Study Population: Diagnosed cases of Congenital Hereditary Endothelial Dystrophy fulfilling the inclusion criteria

Study Design: Double-blinded, Placebo-controlled, Simple randomized control trial: A Paired eye study

Statistical Method: The data of this study will be compared by using the t-test or χ2 test depending if the data is parametric or non-parametric in nature

Methodology:

Targeting SLC4A11 mutation using ophthalmic NSAIDs preparation:

Test drug is Nepafenac eye drops 0.1%w/v. Given at the dosage of 4 drops to be instilled in the test eye 1 drop 4 times a day (every 4 hourly).That is at morning, afternoon, evening and at night. This is to be continued for a 6 months duration.

Control drug is Carboxy-methylcellulose sodium lubricant eye drops 0.5%w/v at the same dosage as the test eye drop but in the control eye.

The test eye will be chosen by Simple Randomization. For all the cases with an even serial number, the Right eye will be the test eye and for the odd numbered cases, the Left eye will be the test eye.

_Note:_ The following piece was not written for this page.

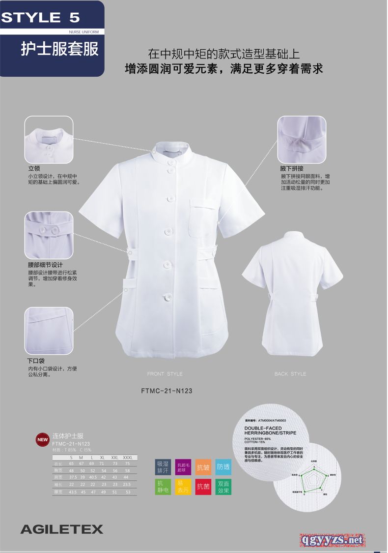 | 補(bǔ)充說(shuō)明 | 自主研發(fā)新型功能型面料吸濕排汗、易去污、抗菌、抗皺、抗靜電、抗起毛球; 款式多樣可定制,功能性連體護(hù)士服、分體護(hù)士服、醫(yī)師服; 簡(jiǎn)約設(shè)計(jì),實(shí)現(xiàn)超高性?xún)r(jià)比;舒適修身,詮釋魅力; 衣肩線(xiàn)條貼合人體曲線(xiàn),減輕醫(yī)者伏案時(shí)的肩膀負(fù)擔(dān); 醫(yī)護(hù)工裝新體驗(yàn),展現(xiàn)專(zhuān)業(yè)醫(yī)者形象; 打造專(zhuān)業(yè)、權(quán)威、值得信賴(lài)的職業(yè)形象 |

In order to ensure blinding of the patient and the investigators, both the drops will be dispensed in identical bottles and will be relabeled with the letter 'R' and 'L' signifying which eye the patient will be using them. This will be done in prior with only one member of the study having the list of the identity of drugs. The same person will also be providing the appropriately labeled drug for the patients and will not be a part of clinical evaluation and analysis of the patient's data.

To check for the patients' compliance, the patients will be required to get the used bottles at every visit and new ones will be provided. Since each bottle contains 5 ml of solution they would last for 25-30 days each, as will be our follow-up schedule for the patients.